Of course this is also pretty hypocritical since EU countries have been caught more than once capturing communications of non-citizens. The problem that usually gets mentioned: the Boeing - Airbus fight wasn't a one sided US being untrustworthy to help Boeing.

"A company incorporated in the EU, even if it is owned by an entity in the US, is not subject to US jurisdiction and so that does not apply."

Incorrect, this is EXACTLY the scenario that the Cloud Act was introduced to to handle.

What happened is in 2013 Microsoft Ireland refused an FBI warrant for information held on EU servers, under the control of MS Ireland.

Microsoft USA refused the warrant on the grounds on the jurisdiction grounds you mentioned above.

So the Cloud Act was passed: US law for access to digital information applies to any subsidiary anywhere on earth.

Sorry.

Do you think the US board of Amazon will go to jail to protect their EU subsidiary?
They should be legally and physically separated and these actions should be then potentially illegal for Europeans so I do not think I'm at least infactual.

But assuming the owner is US company abiding US laws it's safe to assume that data would be transferred to US one way or the another.

The US intelligence machinery spied on Angela Merkel's phone. Do you suppose secretly demanding cooperation for Lawful intercept capabilities in Amazon GmbH is somehow beyond or beneath them?

Also consider that all communication between the European subsidiaries to the HQ is fair game under FISA.

Best to assume it is.
Unless it is air gapped which it is not there is no way to protect Amazon's developed and owned software stack from reporting back to headquarters.
Sure there is: contracts, laws and prison time can ensure that doesn't happen.
The European leaders would have have no say in it. If the software from Seattle is designed to covertly exfiltrate information, they won't even know it. Even if they review the individual code changes, it can be an obfuscated attack similar to XZ where the code itself is clean, but not so much for the network fabric firmware binary test data.
That's why I used the "somehow". But abiding your logic nothing is ever secured, which is ultimately true, but it could be illegal so detergent here is not the impossibility it self but potentional harsh punishment for breaking the law.
FTA:

> So Mistral is developing its own data centers, starting with one outside Paris. Mensch projects it will have 200 megawatts of capacity by the end of 2027. Power from France’s state-owned nuclear plants will help, but the buildout could still cost an estimated $5 billion. Mensch tapped oil-rich Abu Dhabi and reportedly sought debt financing to help pay for it.

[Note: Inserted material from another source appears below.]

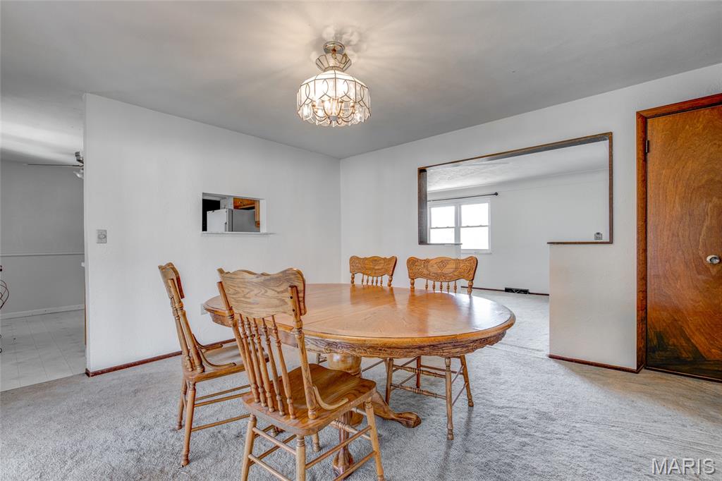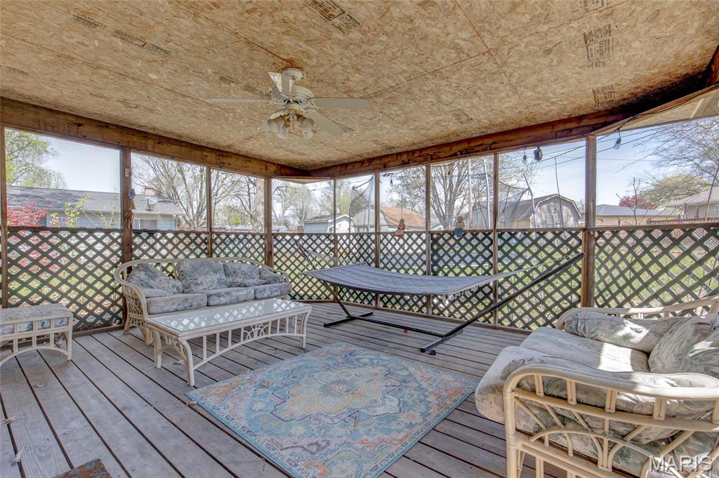 Beautiful ranch style home for sale in Bethalto! Located on a generous lot with a fenced in backyard, this three bedroom home has so much to offer! Spacious living room (25' x 17' approx.) with custom built ins, crown moulding, and wood burning fireplace. This home also has a separate dining room perfect for hosting guests and enjoying a meal, or could be used for many other purposes-such as a home office. Leading out of the dining room you'll find a 17' x 16' screened in sunroom with ceiling fan-enjoy a nice day or a morning cup of coffee. Moving back inside to the kitchen- appliances all stay with the sale of the home! Located off of the kitchen, this home provides a dedicated laundry room, with shelving for supplies or storage purposes. You will love the space provided with the three bedrooms, primary bedroom is 13' x 16', second bedroom measures 17' x 9', and third bedroom is generously sized at 9' x 12'(please see floor plan). The attached garage is oversized and was originally a two car garage prior to the laundry room addition. Crawl space was waterproofed in 2020 and A/C was replaced in 2022. Seller is in the process of city occupancy, but home is being sold AS-IS. Set up your appointment to view with your agent of choice!

Though to your point it won't be running until 2027.

Compared to US datacenter buildout, it’s probably much more likely to actually go online..
Yes, I think the EU is going to be dependent on US tech (other than EUV lithography machines, very cool) for very long time. Even those data centres, while run by Europeans, are still being made with almost entirely US tech. But at least the EU companies can borrow some oil money and buy in the stuff developed by someone else's R&D spend, which is a nice shortcut to have available.
>I think the EU is going to be dependent on US tech (other than EUV lithography machines, very cool

Well, ASML's EUV light sources are based on licensed US IP from Sandia Labs, and manufactured in the US by CYMER, which ASML bought, but they still operate and manufacture out of California, so the EU is not sovereign/independent here (neither is any country).

This doesn't mean much anyway, since despite ASML being European, their machines all go to export and EU doesn't put any of those machine to good use domestically, with the most cutting edge semiconductor fabs on EU soil being the Germany based TSMC fabs on the much older 16 and 12nm nodes, far bigger than the 3nm that Taiwan and US operate domestically.

We should forbid that if customer PII is involved
Companies can set whatever rules they like.